Art with Chile in a Bag
Santa Fe is famous for its world-class art galleries and historic Native American Pueblos. But, the locals swear by a dish that’s served in a bag of Fritos.
A Short History
The indigenous Tewa have lived in the Santa Fe area for at least 1,100 years. In 1607, Europeans began settling in Santa Fe, though Europeans soldiers and missionaries had been in the area for almost 70 years.
The Spanish enslaved many of the Tewa people and missionaries attempted to eradicate their culture by banning ceremonies and forcing Christianity upon them. The conflict between the two groups escalated when 47 native men were arrested for practicing their faith. Four were sentenced to death and the rest were publicly whipped, beaten, and thrown in jail. Native leaders demanded and received the prisoners’ release.
One of the released prisoners was Popé, aka Po’pay. He spent the next five years garnering support in almost 50 pueblo towns for a revolt. On August 10th, 1680, the united Native people pillaged Spanish settlements and killed 400 people including women, children and Franciscan Friars. Less than two weeks later, Popé and his soldiers drove the Spanish out of Santa Fe and then out of New Mexico.
For the next twelve years, the pueblo towns lived independently, but not united under Popé who attempted to destroy every vestige of Spanish rule in the pueblos. After the Spanish reconquered Santa Fe and New Mexico, their rule was slightly less iron-fisted; allowing native religious ceremonies as long as a veneer of Catholicism was maintained. In 2005, a statue to Popé was dedicated in the rotunda of the Congress building in Washington, DC.
In the late 1800’s the main railway line bypassed Santa Fe, effectively cutting off the economic pipeline that the trains created. Santa Fe’s population declined and it was relegated to backwater status. However, as merchants moved out, artists moved in. By the 1920’s both traditional Native American art like ceramics and contemporary art like oil painting gained popularity.
Santa Fe’s famous plaza is the heart of the city and should be your first stop. Sure, the New Mexico Museum of Art and the Cathedral Basilica of Saint Francis of Assisi are worth a visit. And the benches in the park are a nice spot to take a break and listen to the musicians busking. But, the best attraction is the Palace of the Governors on the north side of the plaza.

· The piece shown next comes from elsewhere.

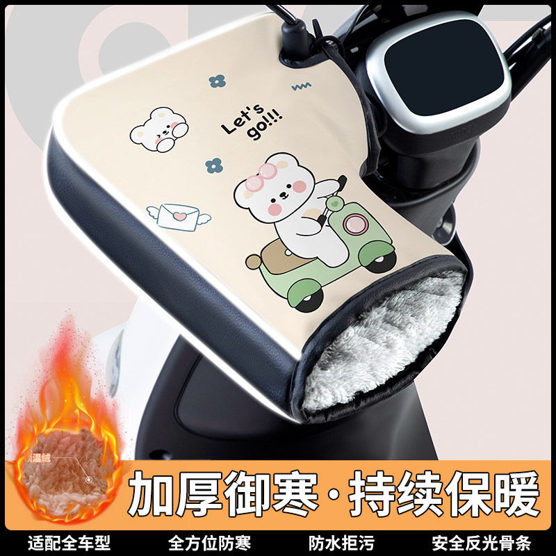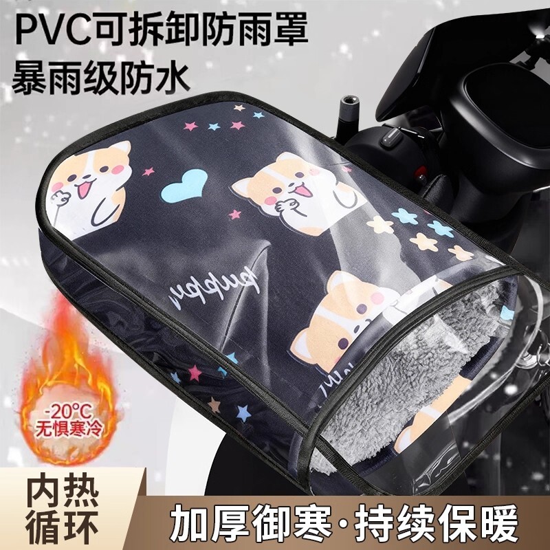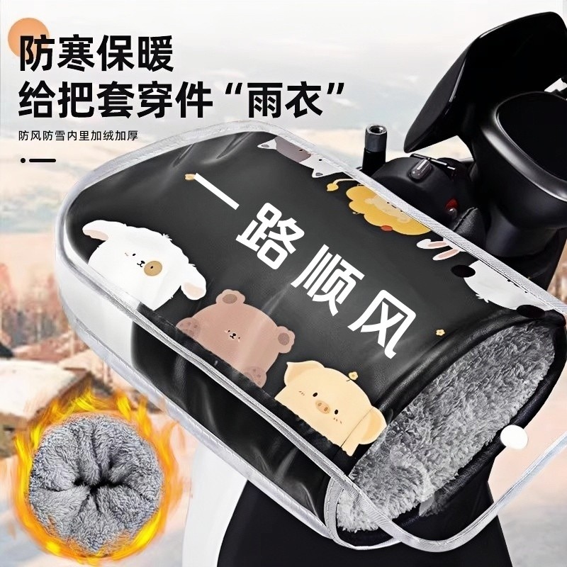 冬季电动车手把套防风防水电瓶车加绒卡通护手摩托车保暖防水手套

Here, at the Santa Fe Indian Market, authentic Native American jewelry and crafts are for sale. Stroll under the shaded sidewalk and browse for your favorite. Talk with the vendor who is often the artist who created the piece. Vendors are assigned spaces on a daily basis, so the selections may change daily. Inside the building is the New Mexico History Museum.
With many high-end jewelry stores in Santa Fe selling overpriced pieces of dubious providence, it’s nice to buy from actual artists who create one of a kind pieces.
Chile in a Bag
You may very well walk right by the Five & Dime General Store on East San Francisco Street. Even if you did wander in, you might think this time warp store was only good for postcards, batteries and sunblock. Make your way past the t-shirts, shot glasses, and incense to the back of the store. Here you’ll find one of the greatest low-rent cuisines of all time; Frito pie.

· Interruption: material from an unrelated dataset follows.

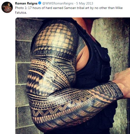 Pomen: Roman Reigns ima najboljšo tetovažo med vsemi prvaki WWE. Na desni rami si je natisnil tetovažo “Samoan Tribal Art”, ki se nadaljuje do desne roke in prsnega koša. To čudovito edinstveno umetnost je napisal Mike Fatutoa, ki je za dokončanje potreboval 17 ur. Roman je v najstniških letih to umetnost pravkar narisal na desno ramo, nato pa si je leta 2013 naredil tetovažo s polnimi rokavi Mikea Fatutoe. 5. maja 2013 je Roman na svoj visokotonski račun naložil sliko z napisom,
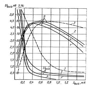 | Рисунок 30 – Зависимость КПД и выходного напряжения ПТ от тока нагрузки: 1- ЦТС-23 2- ЦТССт-5 3- ЦТБС-4 4- ПКР-8 |

The dish was first created in Mexico before migrating to the United States. Legend has it that Theresa Hernandez, who worked at the lunch counter at Woolworth’s in Santa Fe (now Five & Dime General Store) invented Frito Pie in the 60’s, even though a recipe with chile and Fritos was published as early as 1949. Perhaps it was Ms. Hernandez’s idea to put the chile in the Frito’s bag along with the chips.
Frito pie, aka walking tacos, is deceptively simple. A single serving bag of Fritos is cut open lengthwise and New Mexico Red Chile (it’s spelled with an “e” on the end in New Mexico) is ladled on top. Add shredded cheese and chopped raw onion if you like and presto, Frito pie, the perfect portable meal. You can even get a vegetarian version in Santa Fe at Cowgirl BBQ.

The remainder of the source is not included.